▶ [RAW DATA]
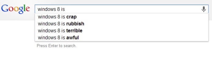 Just a note…I’m quite certain the Google search suggestions are not literal results…they are Google taking a stab at Microsoft. In every other case, when I start searching, and there are recommendations in the list…search results show up. The moment you type “Windows 8 is”, all the search results disappear. Additionally, if you keep searching for that prefix, the various adjectives change. Just another Google joke, I figure. Personally, I’ve found Windows 8 to be very likable…I think it is simply that it is different. Everyone wants a more modern OS, and yet no one ever likes change…. (I feel rather sad for such people…always stuck between the old and the new with no place to go.)
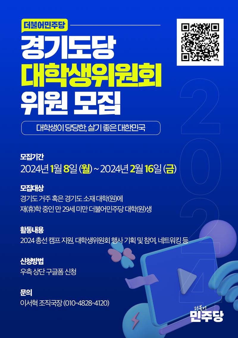 * 모집 대상: 경기도 거주 혹은 경기도 소재 대학(원)에 재(휴)학 중인 만29세 미만 더불어민주당 대학(원)생
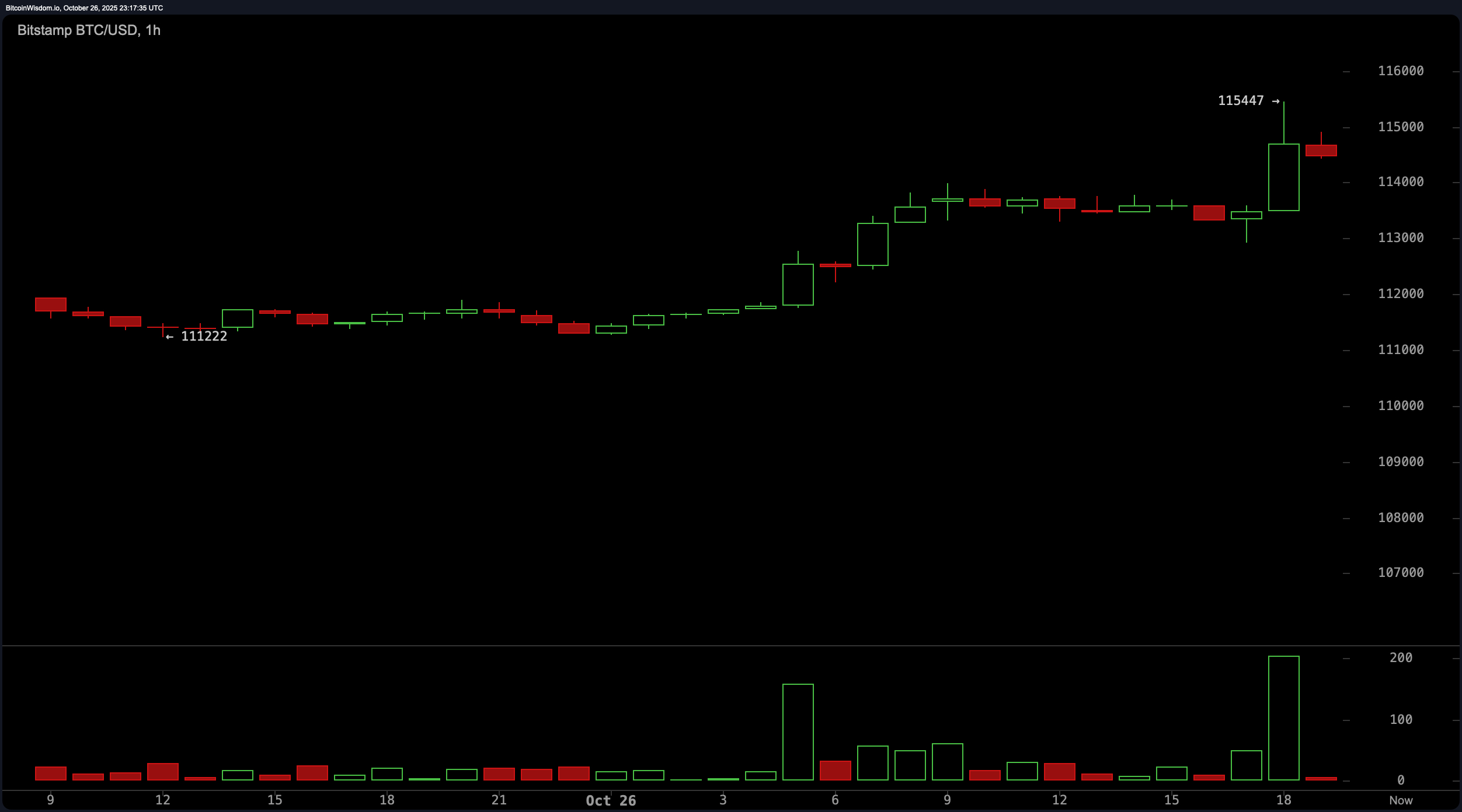 到10月26日东部时间晚上6点左右,BTC在Bitstamp上突然跃升至115,447美元,点亮了小时图。价格已经稍微回落,现在为114,476美元——仍比上个星期日高出5.1%。

▶ [EXERCISE BRIEF] An exact copy of the listing is required, with every image removed.

▶ [RESULT OF THIS TASK]
 Just a note…I’m quite certain the Google search suggestions are not literal results…they are Google taking a stab at Microsoft. In every other case, when I start searching, and there are recommendations in the list…search results show up. The moment you type “Windows 8 is”, all the search results disappear. Additionally, if you keep searching for that prefix, the various adjectives change. Just another Google joke, I figure. Personally, I’ve found Windows 8 to be very likable…I think it is simply that it is different. Everyone wants a more modern OS, and yet no one ever likes change…. (I feel rather sad for such people…always stuck between the old and the new with no place to go.)
 * 모집 대상: 경기도 거주 혹은 경기도 소재 대학(원)에 재(휴)학 중인 만29세 미만 더불어민주당 대학(원)생
 到10月26日东部时间晚上6点左右,BTC在Bitstamp上突然跃升至115,447美元,点亮了小时图。价格已经稍微回落,现在为114,476美元——仍比上个星期日高出5.1%。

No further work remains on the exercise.